How would you apply the right hand rule to find the direction of the magnetic field around a current-carrying wire?
 
  • #3
Doc Al said:
How would you apply the right hand rule to find the direction of the magnetic field around a current-carrying wire?

I don't know

using the left hand rule (I'm Scottish so I use negative current) surely the magnetic field due to one wire is up and due to the other one is down so they'd cancel?
 
  • #4
ah4p said:
I don't know

using the left hand rule (I'm Scottish so I use negative current) surely the magnetic field due to one wire is up and due to the other one is down so they'd cancel?
It does say electron flow, so you're good with a left rule. (Although I recommend always using a right hand rule and positive current.) Realize that the current in each wire goes in opposite directions. Describe the direction of the magnetic field surrounding each wire.
 
  • #5
Doc Al said:
It does say electron flow, so you're good with a left rule. (Although I recommend always using a right hand rule and positive current.) Realize that the current in each wire goes in opposite directions. Describe the direction of the magnetic field surrounding each wire.
one goes into the page and one out of the page?

thanks for your help :)
 
  • #6
ah4p said:
one goes into the page and one out of the page?
Nope! Try again. ;)
 
  • #7
Note: It's not completely clear which wire is closest to the viewer. I will assume that the wire appearing lowest in the diagram is closest to the viewer. (Use whatever makes sense to you, just state what assumptions you are making.)
 

1. What is a magnetic field?

A magnetic field is an invisible force that is created by moving electric charges, such as the flow of current through a wire. It can also be described as a region in space where a magnetic force is exerted on other objects.

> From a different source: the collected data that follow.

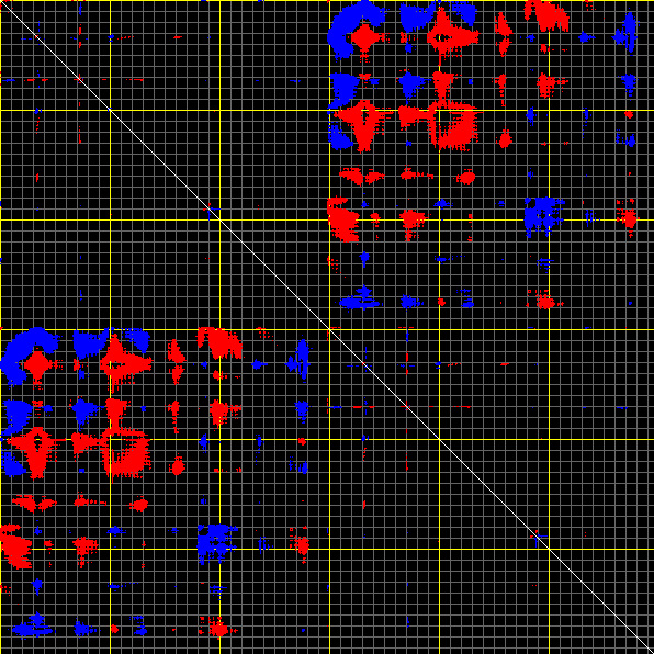 This matrix displays the maximum distance fluctuations between all pairs of CA atoms and between the two extreme conformations that were computed for this mode (DQMIN/DQMAX). Distance increases are plotted in blue and decreases in red for the strongest 10% of the residue pair distance changes. Every pixel corresponds to a single residue. Grey lines are drawn every 10 residues, yellow lines every 100 residues (counting from the upper left corner).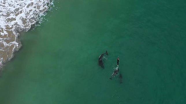 Video berenangnya Judie Johnson tersebut direkam oleh seorang turis Australia bernama Dylan Brayshaw.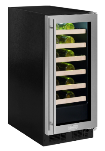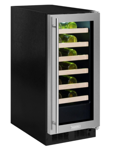 The energy- and space-efficient way to store fine vintage wines, the 15" Marvel Wine Refrigerator stores 24 bottles in the optimum wine preservation environment. Unlike most wine coolers, Marvel wine refrigerators are engineered to defend against the enemies of wine, like damaging light, temperature fluctuation and vibration. The tinted dual pane UV-resistant glass door protects wine from light while artfully showcasing your wine collection. Its Vibration Neutralization System- buffers wine from agitation, allowing it to come to full maturation. Marvel Intuitcontrols allow you to target a precise temperature with an energy-efficient performance twice as efficient as other brands. And, Dynamic Cooling Technologyand a thermal-efficient cabinet ensures the industry's best temperature stability, safely bringing wine to temperature without compromising its integrity.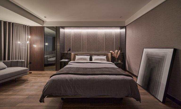 緩步移動至私領域,有別於公領域大量的石材應用,主臥室則以木質調為基底,以此營造寧謐安穩的休憩氛圍。另外,考量到該區域的格局並不方正、存在畸零空間,團隊便決定在床頭增設展示平台、臨窗處設置沙發。此舉不僅化解了不規則的結構問題,還能增加使用機能、提升空間坪效。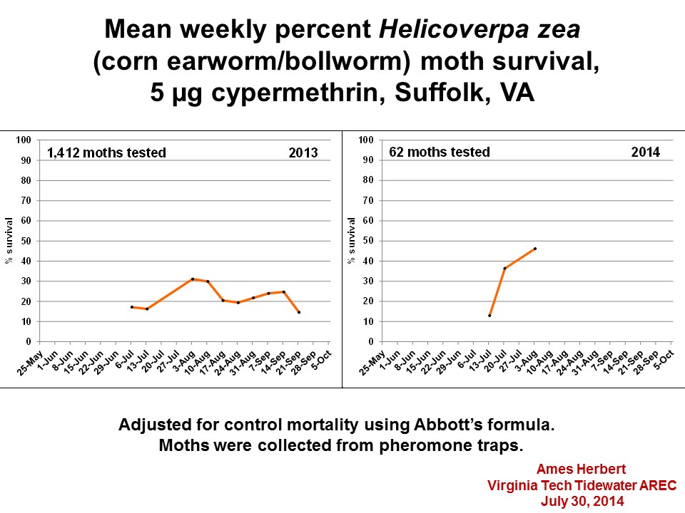Corn earworm update—slow to develop but some surviving the pyrethroid vial test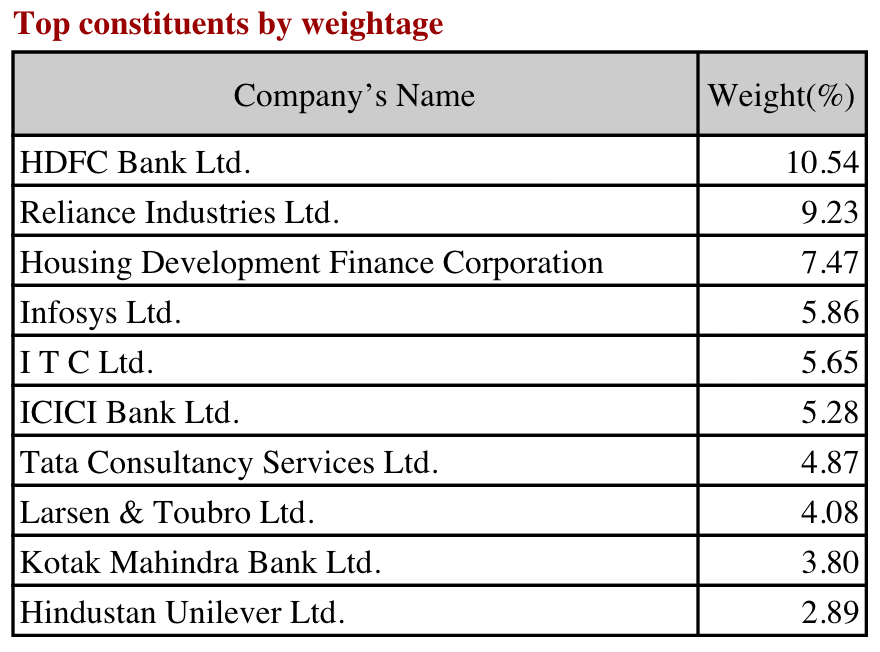 Example : If you were to invest 1000 INR in Nifty 50 Index Fund today , 500 INR would go into the above 10 companies based on the weightage. That is , 10.54% of 500 = 52.7 INR would be invested in HDFC Bank Ltd.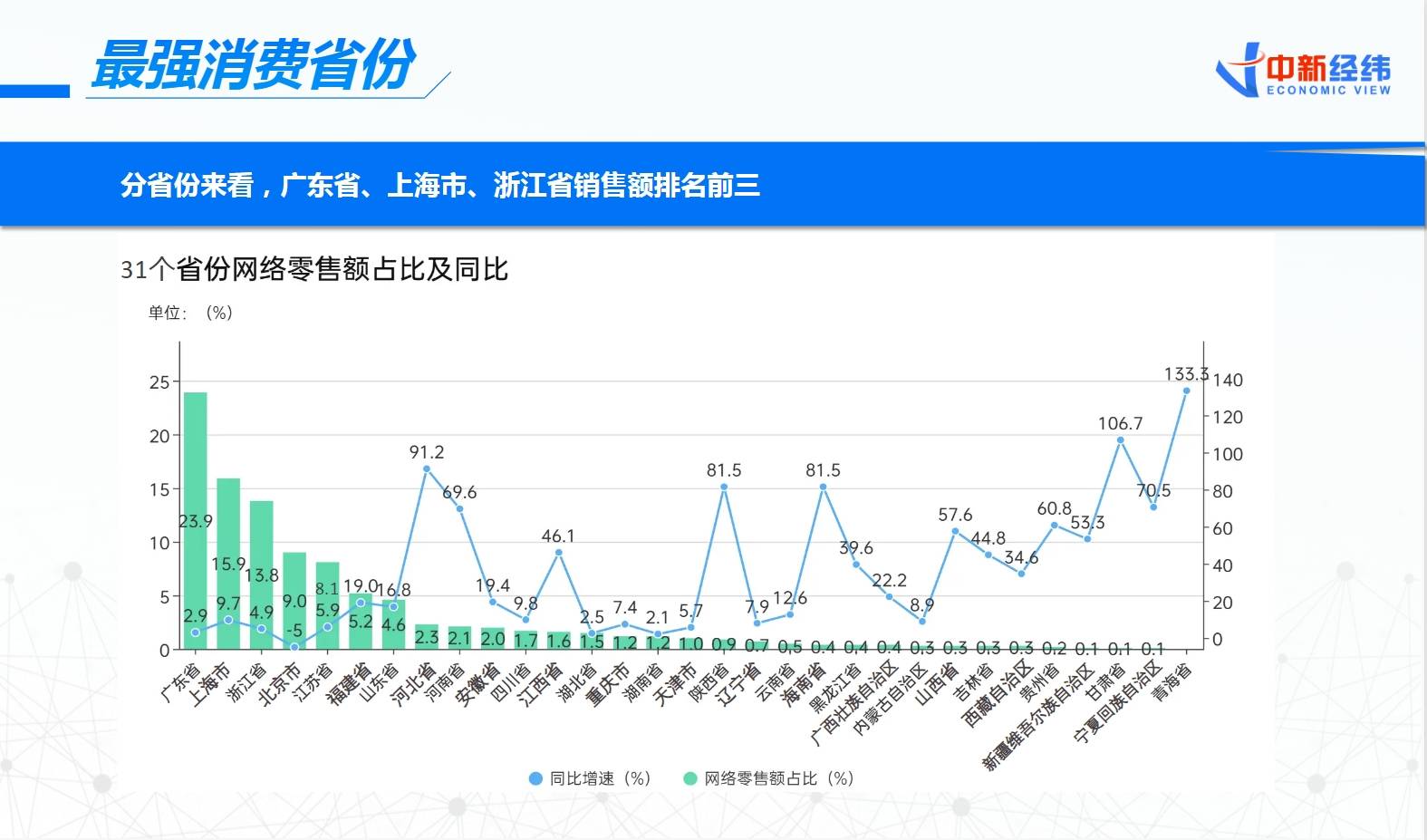 从各省份网络零售额占比及增长情况看,广东省、上海市、浙江省销售额排名前三,占比分别达到23.9%、15.9%、13.8%;青海省、甘肃省、河北省销售额同比增速排名前三,分别为133.3%、106.7%、91.2%。

2. How are magnetic fields created by current-carrying wires?

When an electric current flows through a wire, it creates a circular magnetic field around the wire. The direction of the magnetic field is determined by the direction of the current flow, according to the right-hand rule.

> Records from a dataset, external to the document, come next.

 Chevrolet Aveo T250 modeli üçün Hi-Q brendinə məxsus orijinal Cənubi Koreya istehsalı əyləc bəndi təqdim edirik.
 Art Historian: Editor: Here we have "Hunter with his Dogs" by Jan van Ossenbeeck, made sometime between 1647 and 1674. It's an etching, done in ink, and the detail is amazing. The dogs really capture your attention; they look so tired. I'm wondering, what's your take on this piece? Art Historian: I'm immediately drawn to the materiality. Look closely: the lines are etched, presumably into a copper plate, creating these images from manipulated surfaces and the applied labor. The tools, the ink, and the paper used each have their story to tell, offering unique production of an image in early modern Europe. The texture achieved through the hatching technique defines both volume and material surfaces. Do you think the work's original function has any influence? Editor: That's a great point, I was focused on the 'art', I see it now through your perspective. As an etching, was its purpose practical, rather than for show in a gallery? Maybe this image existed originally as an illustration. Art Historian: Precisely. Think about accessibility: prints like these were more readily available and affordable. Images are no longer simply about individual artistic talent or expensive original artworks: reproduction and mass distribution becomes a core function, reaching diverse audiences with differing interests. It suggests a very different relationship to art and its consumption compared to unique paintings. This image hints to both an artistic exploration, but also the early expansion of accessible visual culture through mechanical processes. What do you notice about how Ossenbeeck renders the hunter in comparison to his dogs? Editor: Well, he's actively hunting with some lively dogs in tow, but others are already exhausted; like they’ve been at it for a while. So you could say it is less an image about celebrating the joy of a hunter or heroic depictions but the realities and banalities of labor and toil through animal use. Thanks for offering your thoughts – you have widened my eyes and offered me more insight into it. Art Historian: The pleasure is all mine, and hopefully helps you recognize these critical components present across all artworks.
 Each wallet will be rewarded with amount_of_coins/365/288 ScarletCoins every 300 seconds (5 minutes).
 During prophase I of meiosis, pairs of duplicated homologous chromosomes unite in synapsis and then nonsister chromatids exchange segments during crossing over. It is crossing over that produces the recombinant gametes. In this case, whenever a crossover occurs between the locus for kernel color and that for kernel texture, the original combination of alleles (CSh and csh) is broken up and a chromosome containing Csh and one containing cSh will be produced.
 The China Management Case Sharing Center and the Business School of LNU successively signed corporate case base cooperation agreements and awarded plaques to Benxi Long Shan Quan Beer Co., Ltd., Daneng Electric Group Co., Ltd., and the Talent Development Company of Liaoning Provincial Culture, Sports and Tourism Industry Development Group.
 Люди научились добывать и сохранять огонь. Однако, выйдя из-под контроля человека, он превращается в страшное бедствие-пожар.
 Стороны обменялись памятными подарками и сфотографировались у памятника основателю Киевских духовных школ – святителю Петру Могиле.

3. What is the relationship between magnetic fields and parallel current-carrying wires?

When two parallel wires carry current in the same direction, their magnetic fields will interact and create a stronger combined magnetic field between the wires. However, if the current is flowing in opposite directions, the magnetic fields will cancel each other out.

4. How does the distance between parallel current-carrying wires affect the magnetic field?

The strength of the magnetic field between two parallel wires is inversely proportional to the distance between the wires. This means that as the distance between the wires increases, the strength of the magnetic field decreases.

5. What are some practical applications of magnetic fields and parallel current-carrying wires?

Magnetic fields created by current-carrying wires are used in various technologies, such as generators, motors, and transformers. They are also used in medical imaging techniques like magnetic resonance imaging (MRI).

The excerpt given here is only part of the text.